Бедный нищий махал руками и прыгал в восхищении вокруг опасного и глубокого провала, но все его движения были сильны и уверенны, как у ночного зверька, скачущего по скалам над крутым обрывом... В бешеном круженье развивались длинные волосы и лохмотья Хайруллы, как у вертящихся дервишей, потрясавших когда-то своим диким и мистическим танцем своды этой мечети.
Восторг Хайруллы, его поклоненье своим фантастическим богатствам, этому воображаемому золотому идолу, были ли безумнее увлечения настоящим богатством, настоящими сокровищами? И кто нам укажет, где граница между истиной и обманом, воображением и действительностью, реальностью и видением? Может быть, вся наша жизнь, все ее радости и очарования, не более, как сокровища безумного Хайруллы.

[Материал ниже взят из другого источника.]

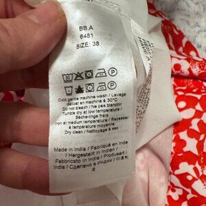 Ganni Midi Dress in Mini Floral Orangedotcom, size 38. It features a plunging V-neckline, but if you want more coverage, I had a closure sewn in for added modesty. It features lovely sleeves and a very flattering cinched waist.
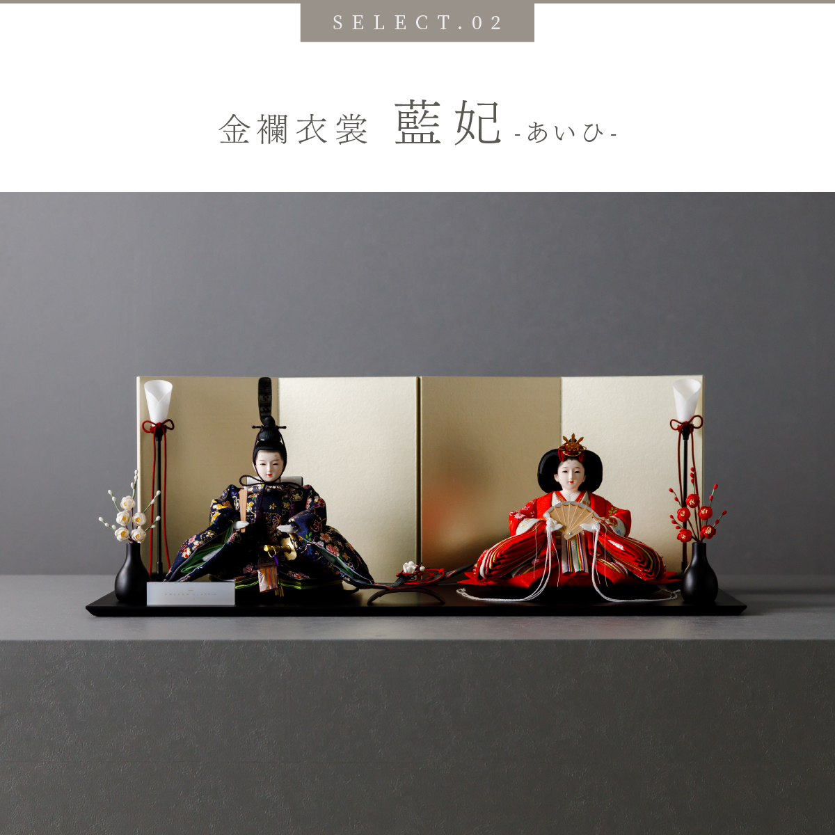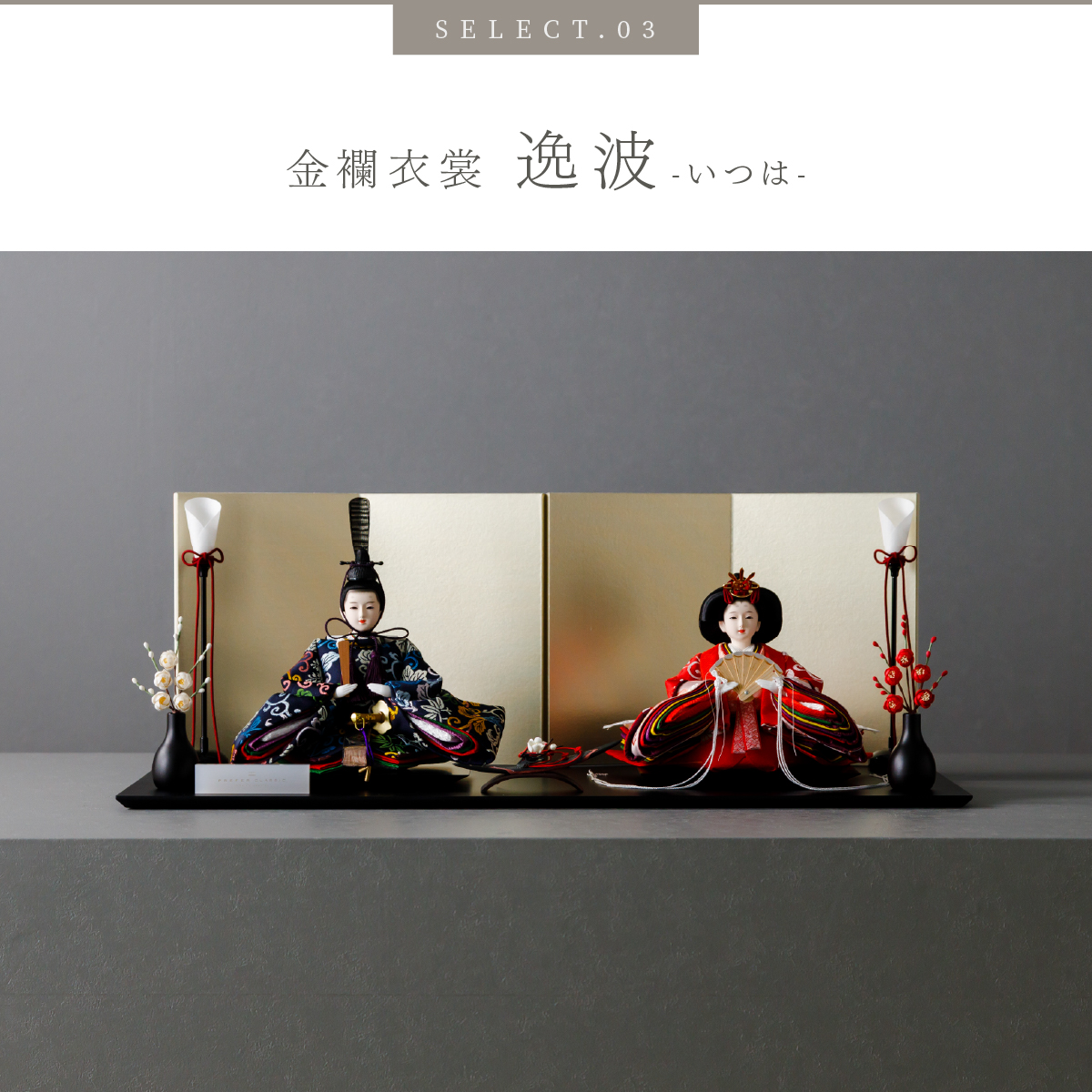 TOP > 雛人形 > ブランド > PREFER CLASSIC > PREFER CLASSIC ひな人形 [黒塗台 平飾り お道具付 紅白梅 三方梅 油灯 選べる屏風2種類 金屏風 白屏風 人形小サイズ 選べる金襴衣裳3種類 理晶 藍妃 逸波]

Вдруг звук, шумно промчавшийся по всей мечети и повторенный высокими хорами и гулким сводом, прервал внезапно бешеный вихрь, в котором вертелся безумный вокруг своего боготворимого золотого кумира. Хайрулла вздрогнул и остановился. Весь обратившись в слух, он насторожился, и непривычное, почти сознательное внимание отразилось на его лице. Может быть, в связи с представлением о фантастических сокровищах, в уме Хайруллы, как бы органически вырастая из этого представления, жила такая же мысль о краже, насилии и похищенье. Он оберегал свое божество, свое детище, прятал, сторожил его и боялся неведомого врага и грабителя. Готовый когтями и зубами защищать свое достояние, он весь съежился, притаился и, крадучись, как дикая кошка, пробрался за соседнюю колонну, черневшую в темноте мечети. Здесь невидимый и видящий, подобно духу, караулящему заколдованный клад, он исчез и потонул во мраке.
Звук повторился. Как будто где-то в глубине, у входа, отодвигали тяжелый заржавленный засов. Визг железа разбудил эхо мечети и резким стоном пронесся из конца в конец опустевшей залы. По каменным плитам раздались торопливые шаги, и свет фонаря, скользнув по стенам, длинным лучом протянулся в темноте. Две летучих мыши сорвались с пыльных сводов и испуганно заметались под куполом. Черная тень выдвинулась из мрака и прошла по храму.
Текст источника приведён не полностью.